## WHAT THE TASK REQUIRES
Repeat the listing below line by line, exactly, leaving its pictures behind.

#### DATA PROVIDED ####

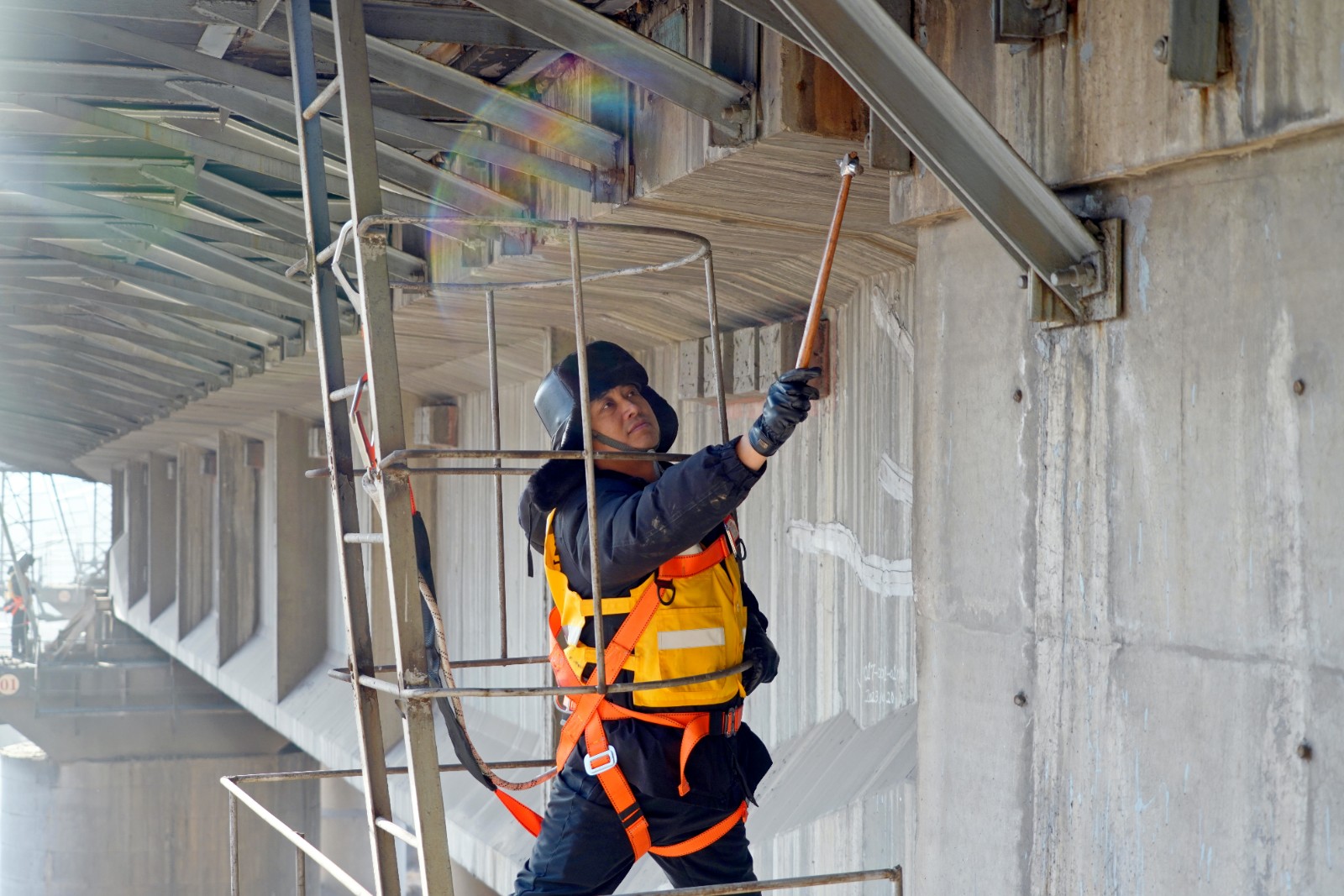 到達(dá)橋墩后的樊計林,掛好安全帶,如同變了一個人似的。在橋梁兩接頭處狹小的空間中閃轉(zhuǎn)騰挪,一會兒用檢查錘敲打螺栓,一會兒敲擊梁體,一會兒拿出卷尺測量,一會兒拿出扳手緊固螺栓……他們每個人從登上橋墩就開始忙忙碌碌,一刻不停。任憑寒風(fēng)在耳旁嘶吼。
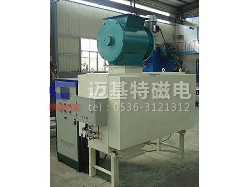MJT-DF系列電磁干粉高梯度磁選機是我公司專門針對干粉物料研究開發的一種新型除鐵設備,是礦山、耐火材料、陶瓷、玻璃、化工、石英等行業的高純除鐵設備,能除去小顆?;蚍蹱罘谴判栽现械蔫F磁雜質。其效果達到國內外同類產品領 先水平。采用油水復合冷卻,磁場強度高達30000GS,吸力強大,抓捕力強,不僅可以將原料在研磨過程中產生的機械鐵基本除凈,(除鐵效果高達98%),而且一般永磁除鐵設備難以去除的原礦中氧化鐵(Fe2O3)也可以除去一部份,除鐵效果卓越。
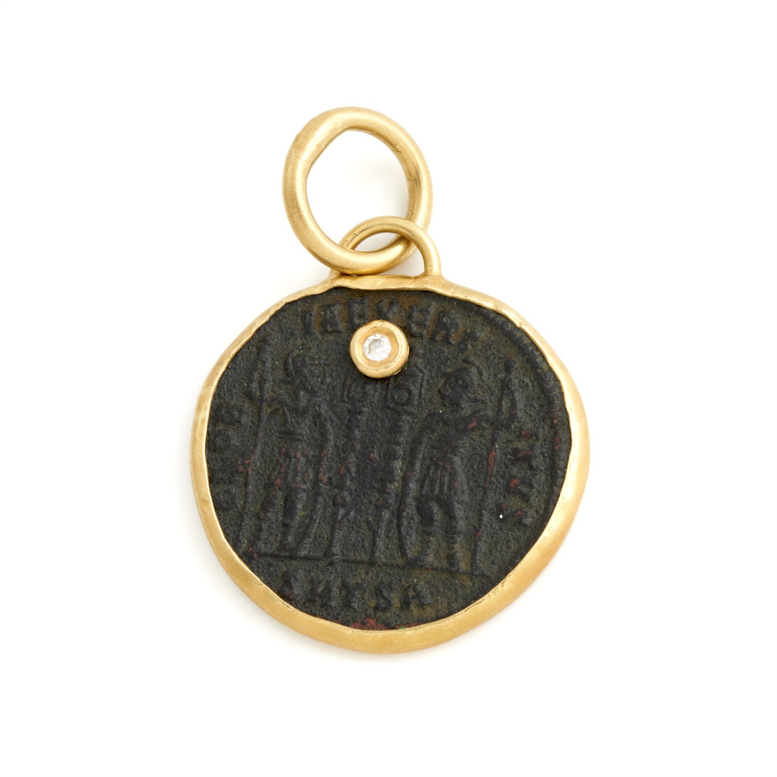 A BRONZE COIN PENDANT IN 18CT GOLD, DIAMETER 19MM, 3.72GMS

####

## COMPLETED TASK
 到達(dá)橋墩后的樊計林,掛好安全帶,如同變了一個人似的。在橋梁兩接頭處狹小的空間中閃轉(zhuǎn)騰挪,一會兒用檢查錘敲打螺栓,一會兒敲擊梁體,一會兒拿出卷尺測量,一會兒拿出扳手緊固螺栓……他們每個人從登上橋墩就開始忙忙碌碌,一刻不停。任憑寒風(fēng)在耳旁嘶吼。
MJT-DF系列電磁干粉高梯度磁選機是我公司專門針對干粉物料研究開發的一種新型除鐵設備,是礦山、耐火材料、陶瓷、玻璃、化工、石英等行業的高純除鐵設備,能除去小顆?;蚍蹱罘谴判栽现械蔫F磁雜質。其效果達到國內外同類產品領 先水平。采用油水復合冷卻,磁場強度高達30000GS,吸力強大,抓捕力強,不僅可以將原料在研磨過程中產生的機械鐵基本除凈,(除鐵效果高達98%),而且一般永磁除鐵設備難以去除的原礦中氧化鐵(Fe2O3)也可以除去一部份,除鐵效果卓越。
 A BRONZE COIN PENDANT IN 18CT GOLD, DIAMETER 19MM, 3.72GMS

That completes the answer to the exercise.